● GIVEN MATERIAL:
______________________________

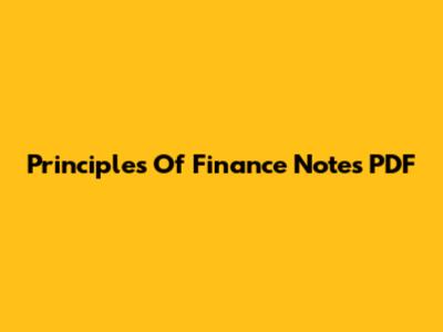 Principles Of Finance Notes PDF
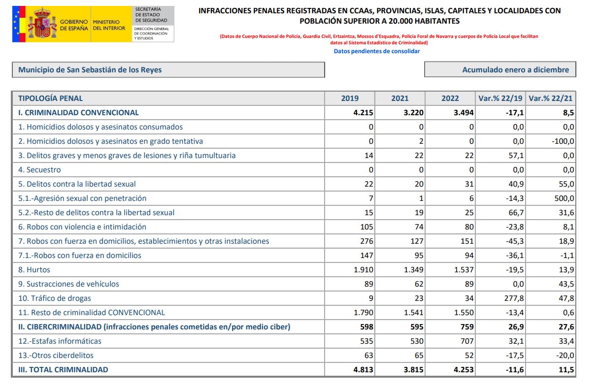 Estos datos son negativos comparados con 2021, pero en esta categoría se refleja una disminución considerable respecto a 2019, donde todos los datos, incluso en los hurtos, son menores. Además, los robos con fuerza en domicilios han disminuido un 1,1 en 2022.
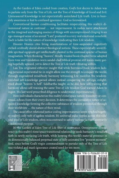 As the Garden of Eden cooled from creation, God's first decree to Adam was to partake only from the Tree of Life, not the Tree of Knowledge of Good and Evil. Unmeasured Knowledge is not experientially assimilated Life truth. Live in heavenly awareness or lost to confused ignorance. God so forewarned. Conventional human conditioning facilitates misperceiving this reality's dimensional nature as continual ... not impermanent. In rushes naive attachment to the imagined unchanging essence of things with uncompromised clinging to an ego-managed sense of an unreal "I am", postured in a very real emotional minefield. Each is liable for the nature of knowledge vindicating their Life wisdom. Hoosier Heaven cites living manifestations of time-suspended cognitively etched cerebrally stored abstract theological notions. These experientially unverifiable spiritual signposts get intellectually planted in the continual specter of human imagination. When thinking "heaven", blindly trusted book/chapter/verse adopted from time and translation-worn sandal-clad biblical promise still leaves many gazing hopefully upward, yet to detect the Tree of Life truth vibrating within. Lau Tzu originated either/or insight that while borrowed book wisdom lacking personal experiential tie-in might allow one the strength to conquer the world, through engendered mind/body harmony witnessing Life manifest, the wisdom-enriched self-knowledge gained allows instead conquering the self-ego, enlightened about "heaven 'n hell". Siddhartha taught, as he did, how self-training that harmony allows self-training the same Tree of Life wisdom God warned Adam to ingest. His last word prescribed diligence to understand impermanence. How individuals characterize this reality's time/space nature, transitory or continual, echoes from their every decision. It determines the cumulative nature of acquired knowledge forming the collective substance of wisdom personified through their worldview ... the nature of their mind. The cause/effect relational justice coding impermanence keeps synched together reality's only web of ageless wisdom. Its universal pulse ripples across this sole/soul pool of Life wisdom, often misconstrued to satisfy various factions' contrarily conditioned purpose. It's the Garden of Eden Tree of Life fiber of sustenance. Omnipresent consistency in this reality's time/space transitional relationship seeds humanity's steadfast faith in newly surfacing Life truth, while keeping this world's material presence in its dimensionally balanced perpetual state of fully animated live "present moment" feed, since before God's virgin commandment to partake only of the Tree of Life was violated and man's ignorance created need for ten more.

______________________________

Output, exactly as written, only the lines from the beginning of the listing through the line containing "Estos datos son", both included, and no pictures.

 Principles Of Finance Notes PDF
 Estos datos son negativos comparados con 2021, pero en esta categoría se refleja una disminución considerable respecto a 2019, donde todos los datos, incluso en los hurtos, son menores. Además, los robos con fuerza en domicilios han disminuido un 1,1 en 2022.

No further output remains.